EXERCISE
From the first line down to the one containing "歯歯五 鬱魔さんを姓名の画数から五運を鑑定", reproduce the entries below exactly and leave out the pictures.
[SUPPLIED INFORMATION — start]
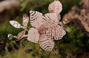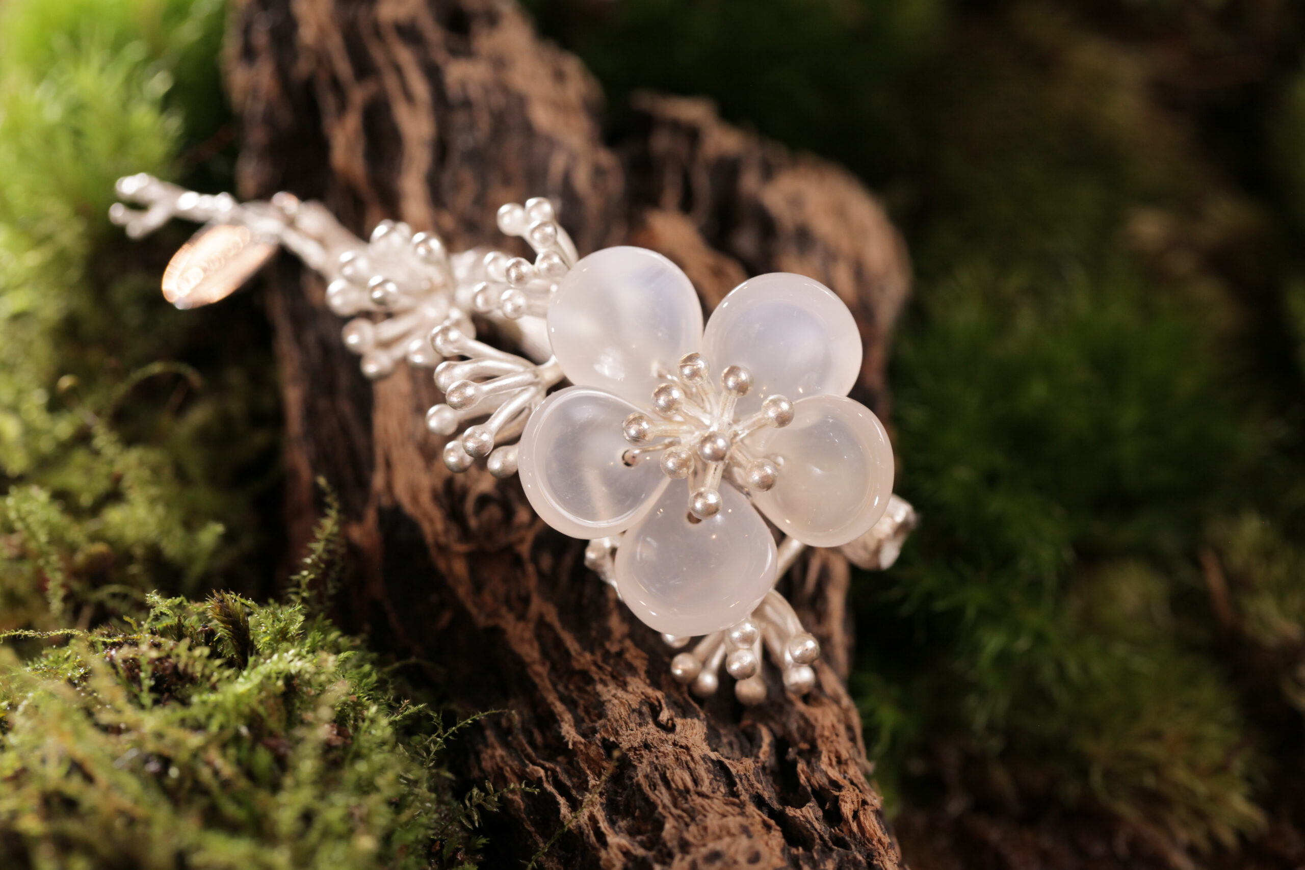 數位雕塑銀冰珠的冬梅在枯枝上朵朵盛開,如白雪般清透搖曳著古意,在冷傲的模樣中、點綴出柔美且堅毅的姿態。以淺嫩的白皙琉璃冰珠作為梅花含苞待放的展現,微透的琉璃配上銀珠的花蕊搭配,更是讓這象徵著不屈不撓精神的梅枝更添詩意與優雅。
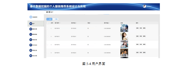 管理员在用户页面查看和管理用户信息,进行添加、删除或修改等操作。用户界面如图5-4所示。
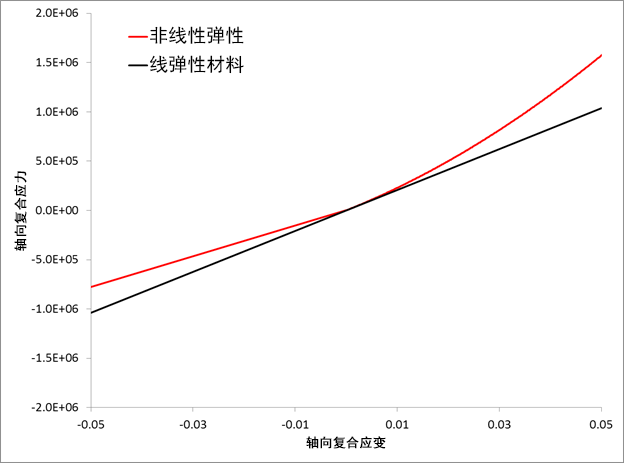 在较大的轴向应变下捕获纤维的非线性行为。
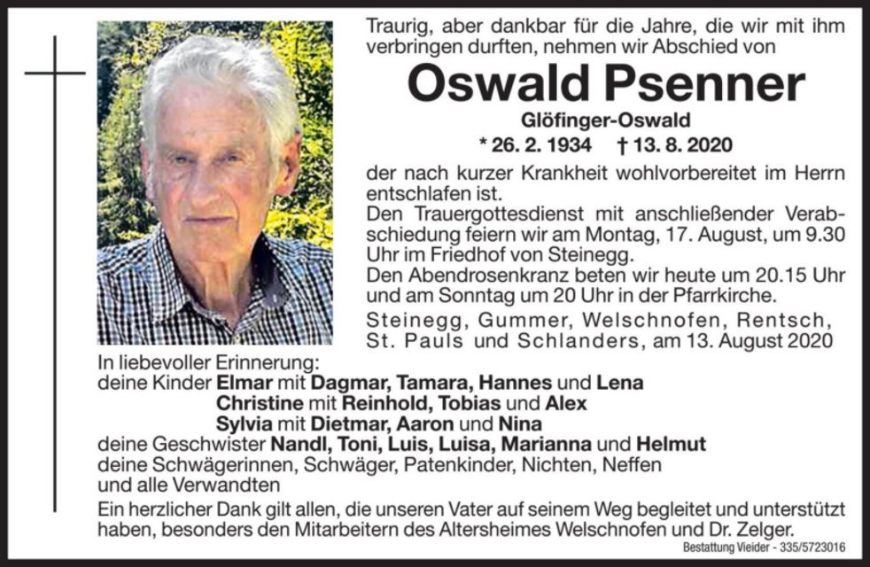 Ein herzlicher Dank gilt allen, die unseren Vater auf seinem Weg begleitet und unterstützt haben, besonders den Mitarbeitern des Altersheimes Welschnofen und Dr. Zelger.
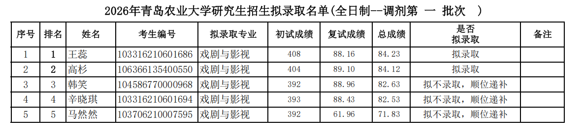 2026年研究生复试戏剧与影视调剂拟录取名单
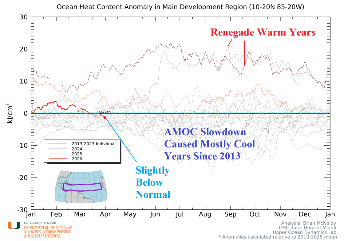 Fig. 5: The upper ocean heat anomalies across the North Atlantic tropics for 2013-2026.
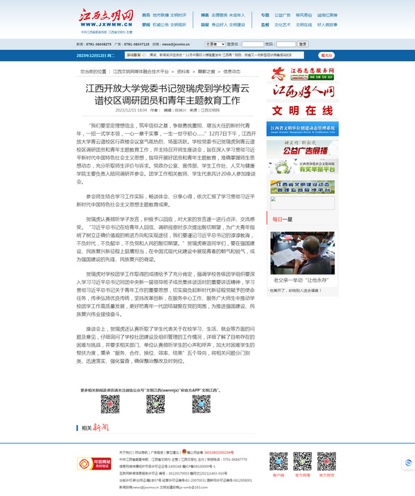 江西文明网:江南官方体育官方入口(China)官方网站党委书记贺瑞虎到学校青云谱校区调研团员和青年主题教育工作
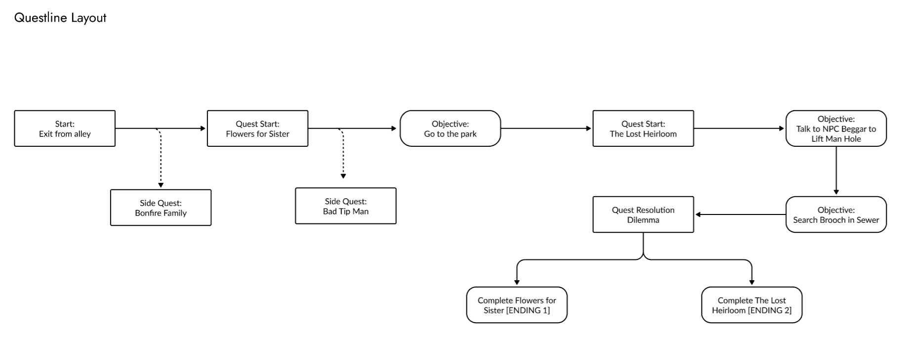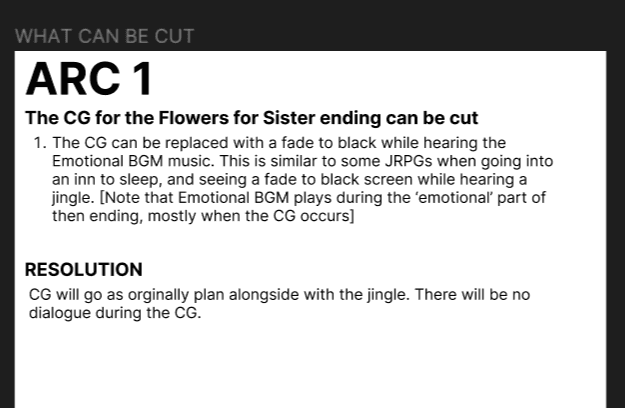 After revising the project scope, I also drafted requirements for what new scripts would be needed to facilitate the new Narrative Direction of the game. These were for my co-designers, as I required assistance while working on other parts of the project.
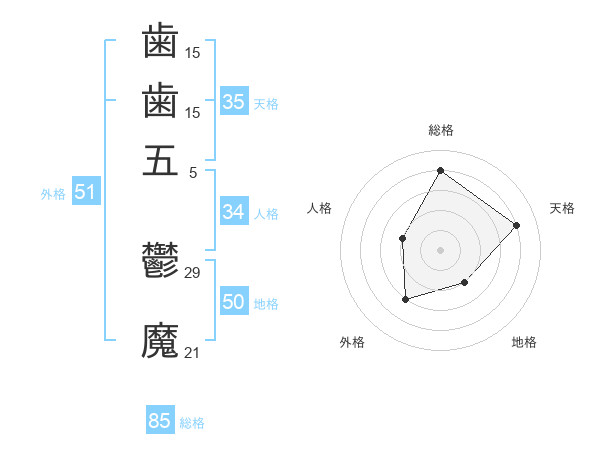 歯歯五 鬱魔さんを姓名の画数から五運を鑑定
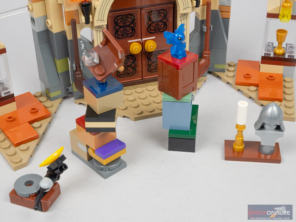 Côté jouabilité, on appréciera évidemment la principale fonctionnalité du set : les deux pans de murs qui coulissent pour dévoiler la porte de la Salle sur Demande. La grande quantité d’accessoires est également un très bon point et permettra de rejouer bon nombre de scènes visibles dans la saga Harry Potter, et pas seulement dans le dernier film dont ce set s’inspire si on en juge par les tenues et la taille des minifigs.
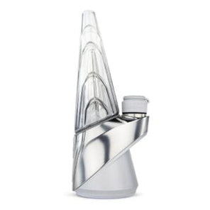 The Indiglow Peak Pro is both subtle and complex. A smooth purple and blue gradient fades over the translucent silicone base and the metal band and then continues upward as it meets the sacred geometry inspired blow molded inner dome and outer cone glass.
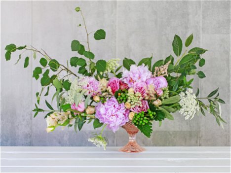 This pink wedding centerpiece is created in a loose, free style with long lines of greenery and flowers in an asymmetrical design. This simply means that the design does not fill in flowers in a perfect, shape.
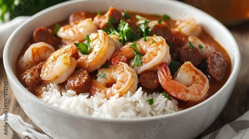 gumbo, shrimp, sausage, rice, presentation, bowl, food, cookery, tasty, dish, ingredient, cooking, meal, herb, seafood, comfort, delightful, vibrant, savoury, louisiana, culinary, homemade, receipe, flavorful, colourful, dining, plate, dinner, lunch, feast, garnish, traditional, fresh, preparation, steaming, serving, appetising, spice, texture, enjoy, warm, nourishment, aromatic, eatery, chef
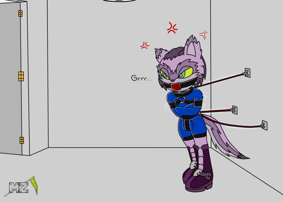 Blaze: *Pulls the gag out of his mouth but lets it hang around his neck* Yes?
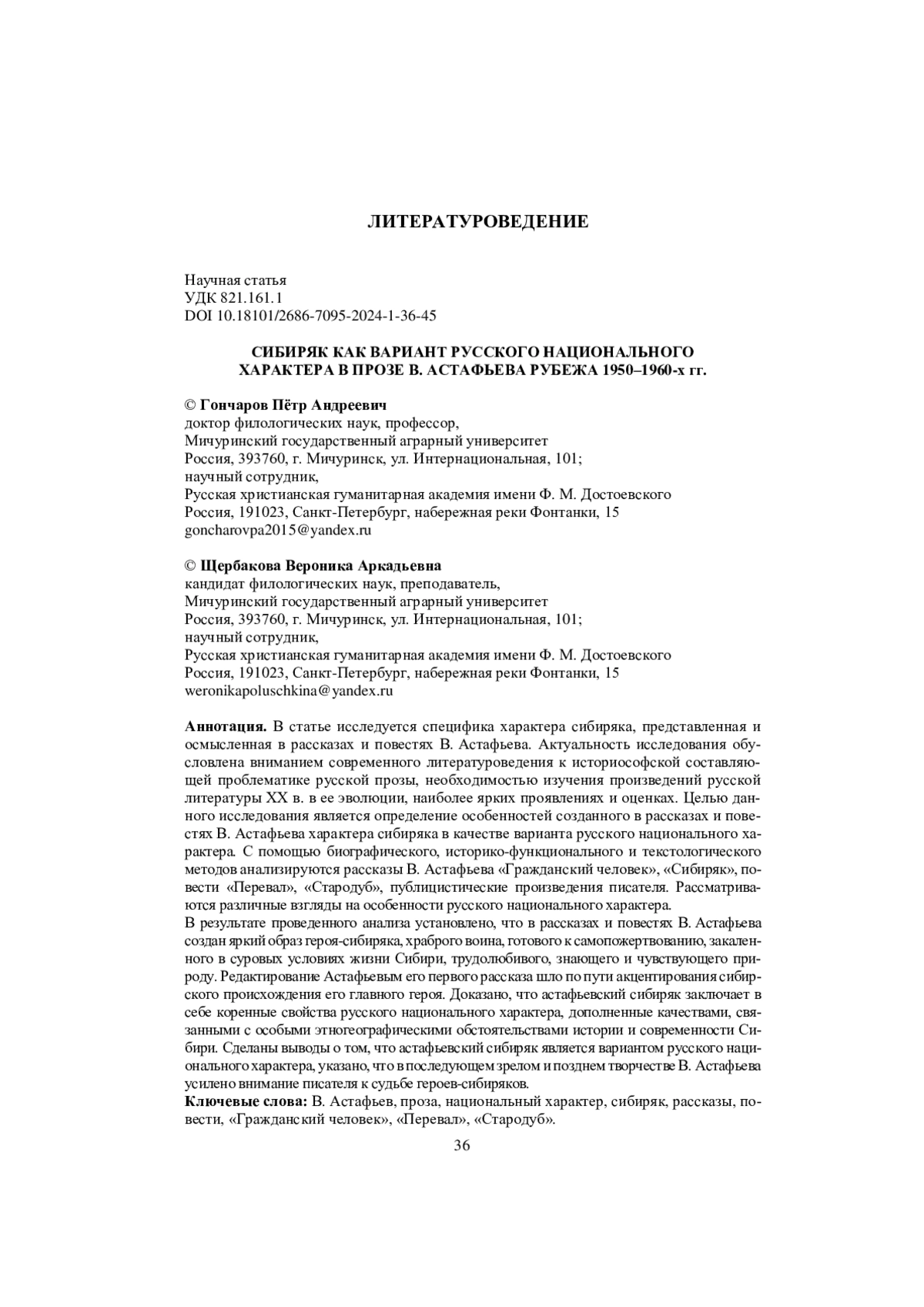 В статье исследуется специфика характера сибиряка, представленная и осмысленная в рассказах и повестях В. Астафьева. Актуальность исследования обусловлена вниманием современного литературоведения к историософской составляющей проблематике русской прозы, необходимостью изучения произведений русской литературы ХХ в. в ее эволюции, наиболее ярких проявлениях и оценках. Целью данного исследования является определение особенностей созданного в рассказах и повестях В. Астафьева характера сибиряка в качестве варианта русского национального характера. С помощью биографического, историко-функционального и текстологического методов анализируются рассказы В. Астафьева «Гражданский человек», «Сибиряк», повести «Перевал», «Стародуб», публицистические произведения писателя. Рассматриваются различные взгляды на особенности русского национального характера. В результате проведенного анализа установлено, что в рассказах и повестях В. Астафьева создан яркий образ героя-сибиряка, храброго воина, готового к самопожертвованию, закаленного в суровых условиях жизни Сибири, трудолюбивого, знающего и чувствующего природу. Редактирование Астафьевым его первого рассказа шло по пути акцентирования сибирского происхождения его главного героя. Доказано, что астафьевский сибиряк заключает в себе коренные свойства русского национального характера, дополненные качествами, связанными с особыми этногеографическими обстоятельствами истории и современности Сибири. Сделаны выводы о том, что астафьевский сибиряк является вариантом русского национального характера, указано, что в последующем зрелом и позднем творчестве В. Астафьева усилено внимание писателя к судьбе героев-сибиряков.
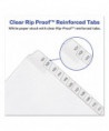 Use these dividers to organize index briefs, legal exhibits, mortgage documentation files and more. The crisp and clean white paper stock dividers give files a professional appearance. The durable Rip Proof™ reinforced tabs are preprinted on both sides so information can be located easily. The unpunched binding edges mean these indexes can fit practically any binding system.
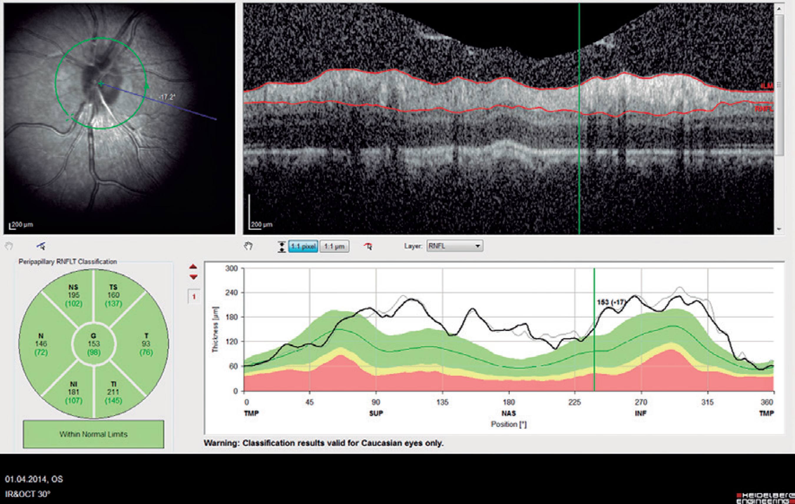 | Retinal fiber layer thicknesses | |||||
[SUPPLIED INFORMATION — finish]
EXERCISE SOLUTION
 數位雕塑銀冰珠的冬梅在枯枝上朵朵盛開,如白雪般清透搖曳著古意,在冷傲的模樣中、點綴出柔美且堅毅的姿態。以淺嫩的白皙琉璃冰珠作為梅花含苞待放的展現,微透的琉璃配上銀珠的花蕊搭配,更是讓這象徵著不屈不撓精神的梅枝更添詩意與優雅。
 管理员在用户页面查看和管理用户信息,进行添加、删除或修改等操作。用户界面如图5-4所示。
 在较大的轴向应变下捕获纤维的非线性行为。
 Ein herzlicher Dank gilt allen, die unseren Vater auf seinem Weg begleitet und unterstützt haben, besonders den Mitarbeitern des Altersheimes Welschnofen und Dr. Zelger.
 2026年研究生复试戏剧与影视调剂拟录取名单
 Fig. 5: The upper ocean heat anomalies across the North Atlantic tropics for 2013-2026.
 江西文明网:江南官方体育官方入口(China)官方网站党委书记贺瑞虎到学校青云谱校区调研团员和青年主题教育工作
 After revising the project scope, I also drafted requirements for what new scripts would be needed to facilitate the new Narrative Direction of the game. These were for my co-designers, as I required assistance while working on other parts of the project.
 歯歯五 鬱魔さんを姓名の画数から五運を鑑定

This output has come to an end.